Systolic blood pressure is the amount of pressure that blood exerts on blood vessels while the heart is beating. The mean systolic blood pressure for people in the United States is reported to be 122 millimeters of mercury (mmHg) with a standard deviation of 15 mmHg.
The wellness department of a large corporation is investigating whether the mean systolic blood pressure of its employees is greater than the reported national mean. A random sample of 100 employees will be selected, the systolic blood pressure of each employee in the sample will be measured, and the sample mean will be calculated.
Let \( \mu \) represent the mean systolic blood pressure of all employees at the corporation. Consider the following hypotheses.
\(H_0 : \mu = 122\)
\(H_a : \mu > 122\)
(a) Describe a Type II error in the context of the hypothesis test.
(b) Assume that \( \sigma \), the standard deviation of the systolic blood pressure of all employees at the corporation, is 15 mmHg. If \( \mu = 122 \), the sampling distribution of \( \bar{x} \) for samples of size 100 is approximately normal with a mean of 122 mmHg and a standard deviation of 1.5 mmHg.
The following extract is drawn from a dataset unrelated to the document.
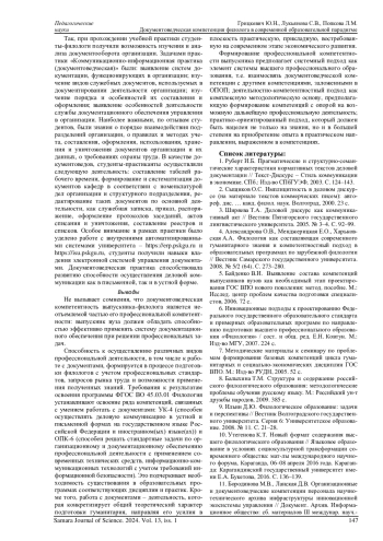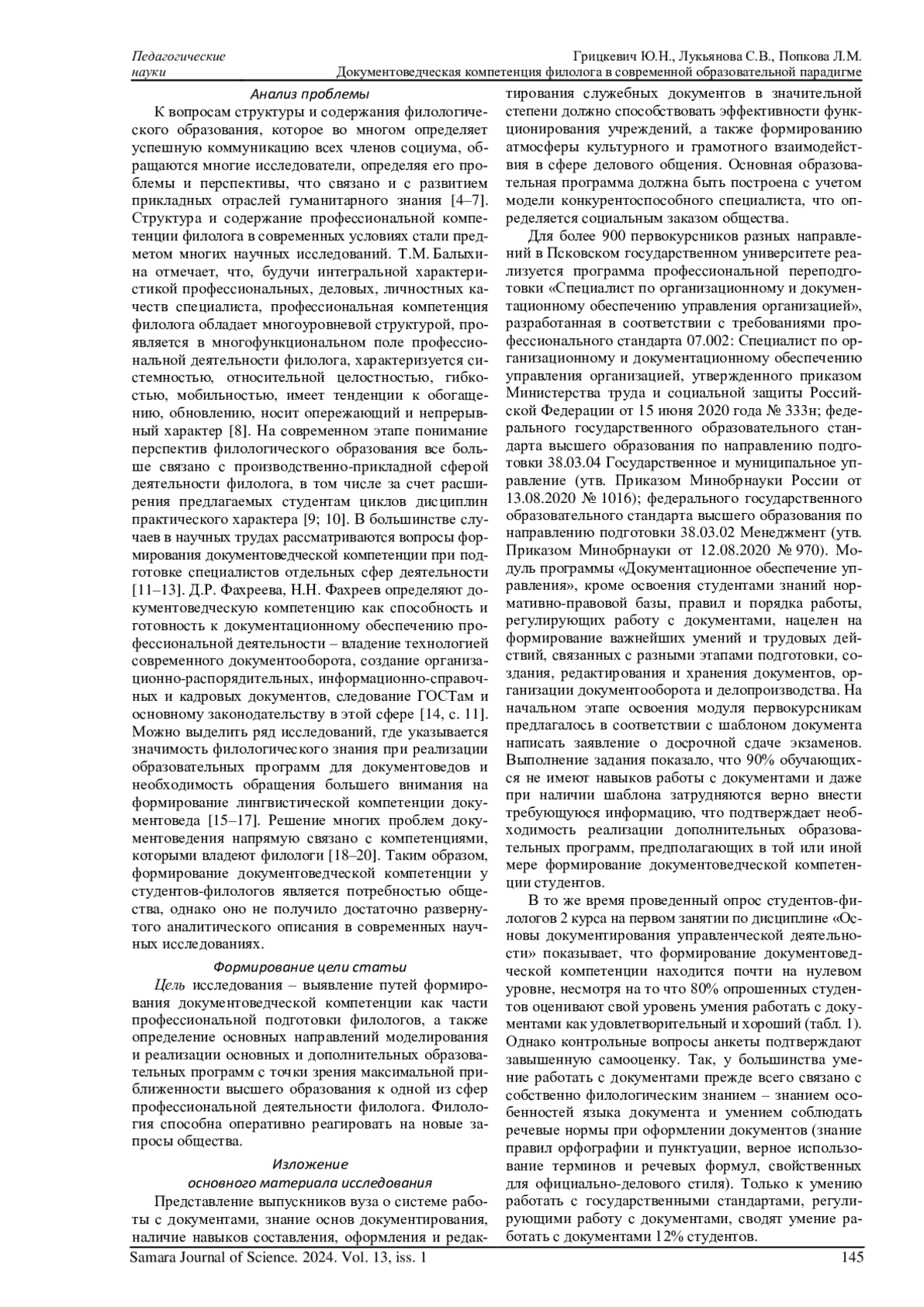 ГРИЦКЕВИЧ Ю. Н., ЛУКЬЯНОВА С. В., ПОПКОВА Л. М. ДОКУМЕНТОВЕДЧЕСКАЯ КОМПЕТЕНЦИЯ ФИЛОЛОГА В СОВРЕМЕННОЙ ОБРАЗОВАТЕЛЬНОЙ ПАРАДИГМЕ // САМАРСКИЙ НАУЧНЫЙ ВЕСТНИК. 2024. ТОМ 13, № 1

What values of the sample mean \( \bar{x} \) would represent sufficient evidence to reject the null hypothesis at the significance level of \( \alpha = 0.05 \)?
The actual mean systolic blood pressure of all employees at the corporation is 125 mmHg, not the hypothesized value of 122 mmHg, and the standard deviation is 15 mmHg.
(c) Using the actual mean of 125 mmHg and the results from part (b), determine the probability that the null hypothesis will be rejected.
(d) What statistical term is used for the probability found in part (c)?
(e) Suppose the size of the sample of employees to be selected is greater than 100. Would the probability of rejecting the null hypothesis be greater than, less than, or equal to the probability calculated in part (c)? Explain your reasoning.

Most-appropriate topic codes (CED):

TOPIC 6.7: Potential Errors When Performing Tests — part (a)
TOPIC 7.4: Setting Up a Test for a Population Mean — part (b)
TOPIC 5.5: Sampling Distributions for Sample Proportions — parts (c), (d), (e)
▶️ Answer/Explanation
Detailed solution

(a)
A Type II error occurs when we fail to reject the null hypothesis when the alternative hypothesis is actually true. In this context, a Type II error would occur if the true mean systolic blood pressure of all employees at the corporation is greater than 122 mmHg, but the test fails to provide sufficient evidence to reject the null hypothesis that \( \mu = 122 \) mmHg.

(b)
For a one-sided test with \( \alpha = 0.05 \), the critical z-value is \( z = 1.645 \).
The test statistic is \( z = \frac{\bar{x} – 122}{1.5} \).
We reject \( H_0 \) when \( \frac{\bar{x} – 122}{1.5} > 1.645 \).
Solving for \( \bar{x} \): \( \bar{x} > 122 + 1.645 \times 1.5 = 122 + 2.4675 = 124.4675 \).
So we would reject \( H_0 \) when \( \bar{x} > 124.4675 \) mmHg.

(c)
If the true mean is 125 mmHg, then the sampling distribution of \( \bar{x} \) has mean 125 and standard deviation 1.5.
We want \( P(\bar{x} > 124.4675) \) when \( \bar{x} \sim N(125, 1.5) \).
\( z = \frac{124.4675 – 125}{1.5} = \frac{-0.5325}{1.5} \approx -0.355 \).
\( P(z > -0.355) = 1 – P(z < -0.355) = 1 – 0.3613 = 0.6387 \).
The probability is approximately \( \boxed{0.64} \).

(d)
The probability found in part (c) is called the \( \boxed{\text{power}} \) of the test.

(e)
The probability would be \( \boxed{\text{greater}} \) than the probability calculated in part (c).
With a larger sample size, the standard error \( \left( \frac{\sigma}{\sqrt{n}} \right) \) decreases. This causes two effects:
1. The critical value in terms of \( \bar{x} \) decreases (moves closer to 122), making it easier to reject \( H_0 \)
2. The sampling distribution under the alternative hypothesis (mean = 125) becomes more concentrated around 125
Both effects increase the probability that \( \bar{x} \) will exceed the critical value, thus increasing the power of the test.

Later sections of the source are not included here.